┌─ Material to process

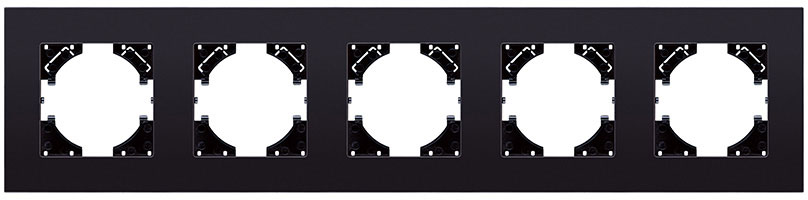 Рамка матовая MG Reflex, 5 постов, цвет - черное стекло, стекло
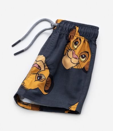 Conjuntinho infantil composto por 01 camiseta com mangas curtas e uma bermudinha de banho com cós elástico e amarração. Possuem estampa do filme Rei Leão.
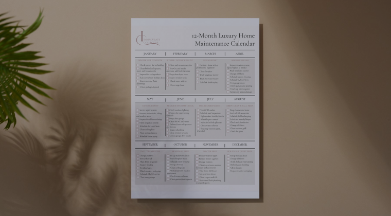 Stay ahead of every seasonal task with our comprehensive 12-Month Luxury Home Maintenance Calendar. Designed for elite residences, it provides month-by-month guidance for indoor and outdoor upkeep, from HVAC checks and surface care, to landscaping, seasonal décor transitions, and preventative inspections. This digital tool helps homeowners and estate teams streamline routines, protect high-end finishes, and ensure every detail is managed with precision. Turn maintenance into a proactive, organized process and keep your home operating at its absolute best year-round.
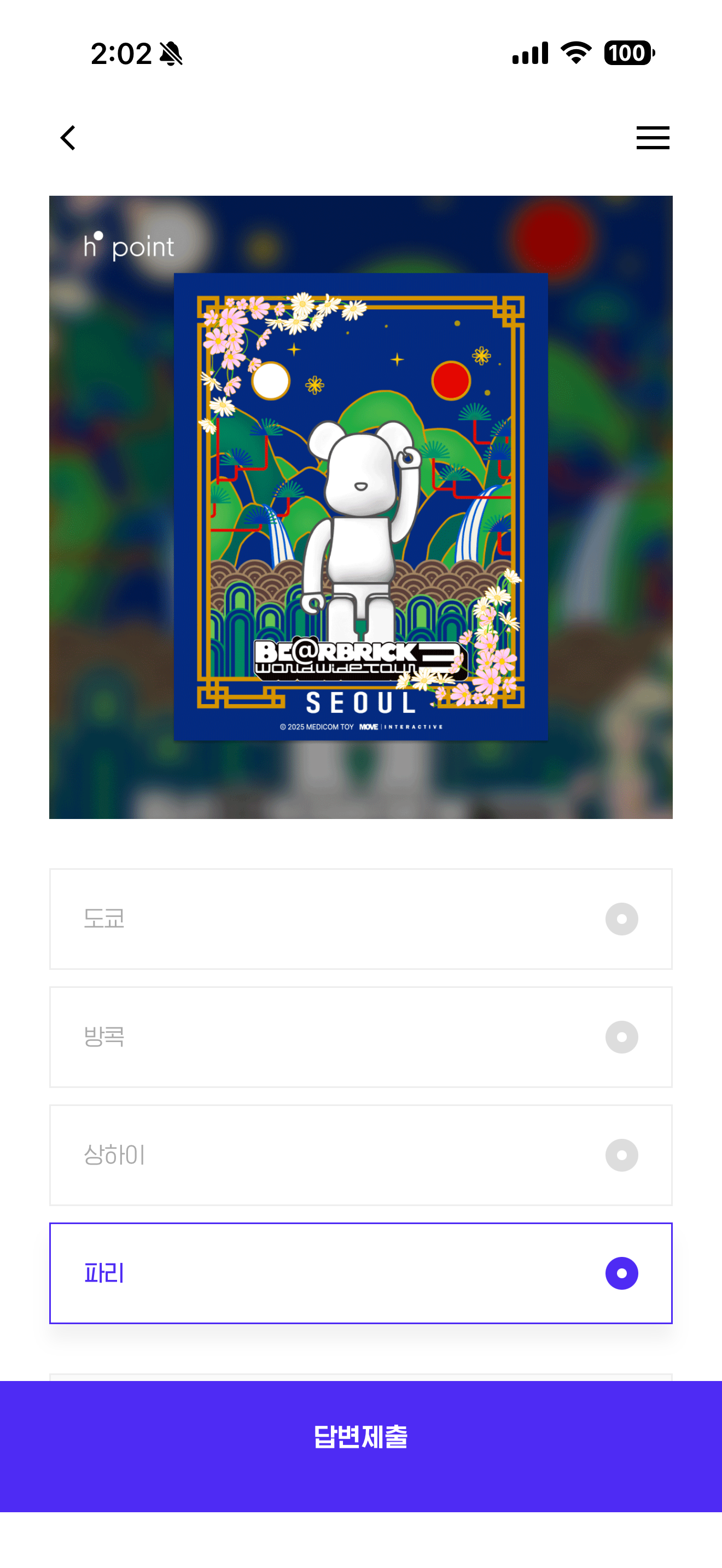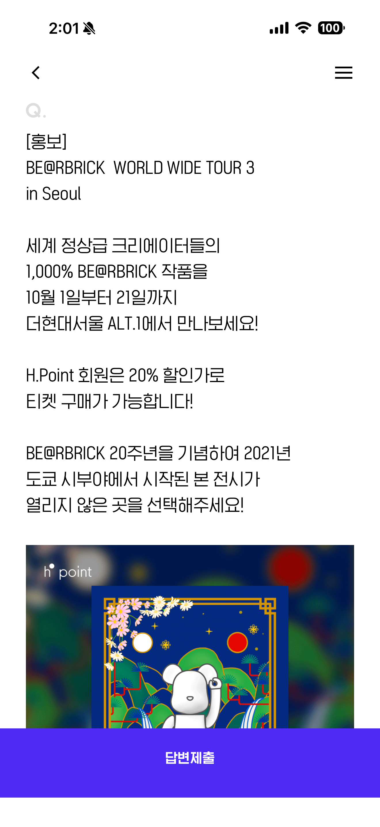 BE@RBRICK WORLD WIDE TOUR 3 in Seoul 세계 정상급 크리에이터들의 1,000% BE@RBRICK 작품을 10월 1일부터 21일까지 더현대서울 ALT.1에서 만나보세요! H.Point 회원은 20% 할인가로 티켓 구매가 가능합니다! BE@RBRICK 20주년을 기념하여 2021년 도쿄 시부야에서 시작된 본 전시가 열리지 않은 곳을 선택해주세요!
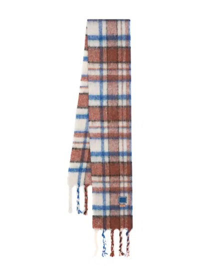 plaid logo-patch scarf from ADER error featuring ivory white, cerulean blue, multicolour, knitted construction, brushed effect, plaid check pattern, logo patch to the front, fringed edge, rectangle shape and wraparound style.
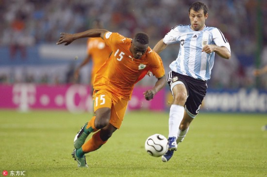 当地时间2018年6月30日,俄罗斯喀山,2018世界杯1/8决赛,法国4-3阿根廷。赛后,阿根廷球员马斯切拉诺宣布退出国家队。2006-2018,马斯切拉诺4次参加世界杯,出战20场;国家队层面,更是创纪录的为国征战147场。“是时候说再见了。从现在起,我是一名阿根廷球迷了。”,愿未来的日子,小马哥一切都好。图为当地时间2006年6月16日,德国盖尔森基兴,2006年德国世界杯小组赛,阿根廷6-0塞黑。
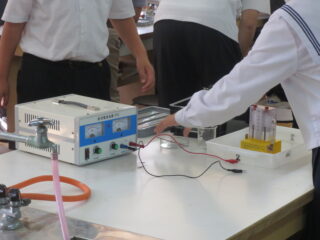 本日、6日(木)1限目 2年生の理科の授業で実験をしました。
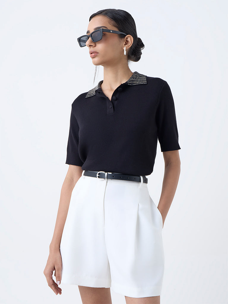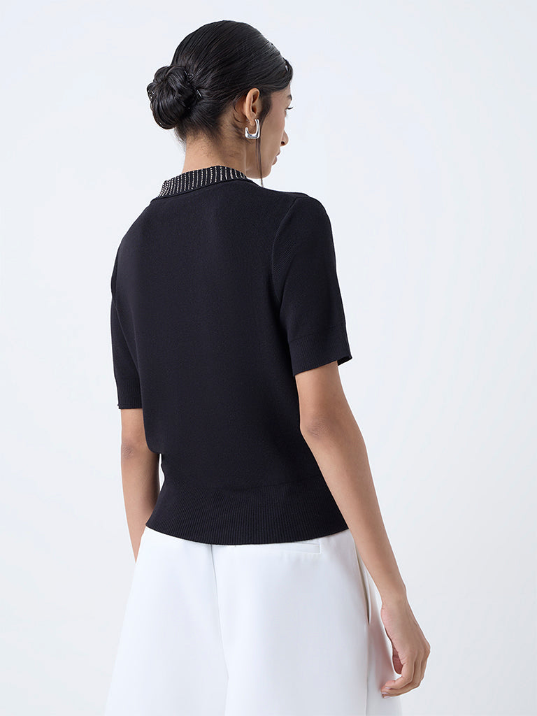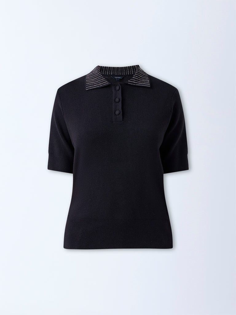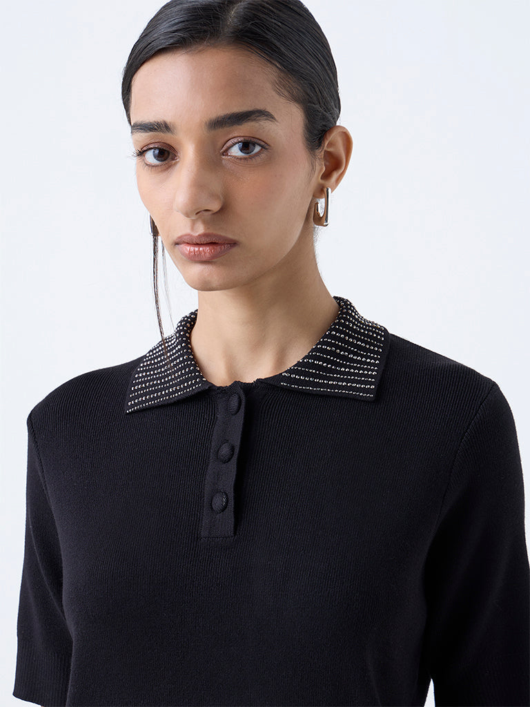 Wardrobe presents this black Polo T-Shirt elevated with delicate sequins embroidery for a subtle shimmer. Designed with a spread collar leading into a brief button-down front and short sleeves. it is crafted from quality fabric to ensure both comfort and style.
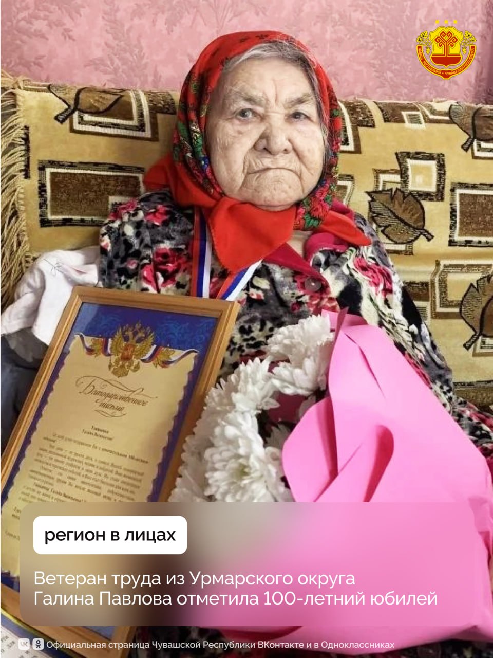 Жительница деревни Новое Исаково Арабосинского теротдела Урмарского округа Галина Павлова отпраздновала вековой юбилей. В свои 100 лет она сохранила удивительную ясность ума, оптимизм, жизнелюбие.
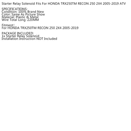 スターターソレノイドリレーはホンダTRX250TM TRX250 TM RECON 250 2005-2019 08 09に適合します。

└─

**Work task:** Print the listing exactly, pictures excluded.

**Task solution:**
 Рамка матовая MG Reflex, 5 постов, цвет - черное стекло, стекло
 Conjuntinho infantil composto por 01 camiseta com mangas curtas e uma bermudinha de banho com cós elástico e amarração. Possuem estampa do filme Rei Leão.
 Stay ahead of every seasonal task with our comprehensive 12-Month Luxury Home Maintenance Calendar. Designed for elite residences, it provides month-by-month guidance for indoor and outdoor upkeep, from HVAC checks and surface care, to landscaping, seasonal décor transitions, and preventative inspections. This digital tool helps homeowners and estate teams streamline routines, protect high-end finishes, and ensure every detail is managed with precision. Turn maintenance into a proactive, organized process and keep your home operating at its absolute best year-round.
 BE@RBRICK WORLD WIDE TOUR 3 in Seoul 세계 정상급 크리에이터들의 1,000% BE@RBRICK 작품을 10월 1일부터 21일까지 더현대서울 ALT.1에서 만나보세요! H.Point 회원은 20% 할인가로 티켓 구매가 가능합니다! BE@RBRICK 20주년을 기념하여 2021년 도쿄 시부야에서 시작된 본 전시가 열리지 않은 곳을 선택해주세요!
 plaid logo-patch scarf from ADER error featuring ivory white, cerulean blue, multicolour, knitted construction, brushed effect, plaid check pattern, logo patch to the front, fringed edge, rectangle shape and wraparound style.
 当地时间2018年6月30日,俄罗斯喀山,2018世界杯1/8决赛,法国4-3阿根廷。赛后,阿根廷球员马斯切拉诺宣布退出国家队。2006-2018,马斯切拉诺4次参加世界杯,出战20场;国家队层面,更是创纪录的为国征战147场。“是时候说再见了。从现在起,我是一名阿根廷球迷了。”,愿未来的日子,小马哥一切都好。图为当地时间2006年6月16日,德国盖尔森基兴,2006年德国世界杯小组赛,阿根廷6-0塞黑。
 本日、6日(木)1限目 2年生の理科の授業で実験をしました。
 Wardrobe presents this black Polo T-Shirt elevated with delicate sequins embroidery for a subtle shimmer. Designed with a spread collar leading into a brief button-down front and short sleeves. it is crafted from quality fabric to ensure both comfort and style.
 Жительница деревни Новое Исаково Арабосинского теротдела Урмарского округа Галина Павлова отпраздновала вековой юбилей. В свои 100 лет она сохранила удивительную ясность ума, оптимизм, жизнелюбие.
 スターターソレノイドリレーはホンダTRX250TM TRX250 TM RECON 250 2005-2019 08 09に適合します。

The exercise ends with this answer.